When relations with the Crown had deteriorated, the colonial legislature, the General Court, had responded by moving inland, beyond the reach of royal troops, and had met at Concord. The General Court had issued instructions to every town in Massachusetts to set up new organizations, such as Committees of Correspondence and Defense. When it became necessary to organize quick response units-- the Minutemen-- there was difficulty in raising sufficient numbers, because men feared that military drill would interfere with their livelihoods. The town fathers' response was first to exert pressure, not quite amounting to conscription, and, once their point was made, to grant additional pay. The carrot and the stick. The men whom the town meetings appointed as officers were largely the same men who were chosen as selectmen, and as representatives to the General Court, and allowing for differences in generations, they were the same men the royal governor had appointed as Justices of the Peace. When Captain Parker of Lexington formed up his company, he did so under orders from the assembled freeholders of Massachusetts, as well as the town fathers of Lexington. Once you accept the premise that authority flows from the assembled people and not from the King, there was nothing remotely unlawful or unauthorized about Parker's actions.

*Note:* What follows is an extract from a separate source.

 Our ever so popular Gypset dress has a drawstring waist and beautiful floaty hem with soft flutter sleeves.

When a group of young men in the year 2010 assemble, and call themselves the such-and-such militia, one certainty is that it would be impossible to draw a line on the map, enclosing a reasonably compact region which incorporates their ordinary places of residence, and allows sufficient space for roads connecting these places of residence, etc., in such a way that they and their families would be a majority within that line, or even a substantial minority. They are in fact the malcontents of many towns and cities, and even different states. Nor, one finds, do they have any intention of "in-gathering in the wilderness," the way the Mormons did, to establish a community and live in their own way. The men-calling-themselves-a-militia wish, in fact, to rule the larger community, only they are unable to succeed at the ballot box. That is the big difference between them and Captain Parker.

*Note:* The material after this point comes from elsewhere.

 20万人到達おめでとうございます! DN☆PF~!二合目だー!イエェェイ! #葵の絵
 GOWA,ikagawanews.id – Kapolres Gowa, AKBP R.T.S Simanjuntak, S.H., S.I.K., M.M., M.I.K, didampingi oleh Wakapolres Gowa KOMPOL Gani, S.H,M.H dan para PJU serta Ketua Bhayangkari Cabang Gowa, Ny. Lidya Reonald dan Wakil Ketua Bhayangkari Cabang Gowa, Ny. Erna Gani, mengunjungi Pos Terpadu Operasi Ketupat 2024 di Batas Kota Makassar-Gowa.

Aeon J. Skoble - 4/21/2010

You're welcome! It was making the rounds on the internet a couple years ago and I saved it. Since no one forwarded it to me this year, I figured I'd post it, rather than my usual anecdote about visiting Concord and getting teary.


Keith Halderman - 4/20/2010

Thanks for posting this I had never seen it before.


Robert Horn - 4/19/2010

It was not "National Guard" units, it was a joint task force of Regular Army and Marines.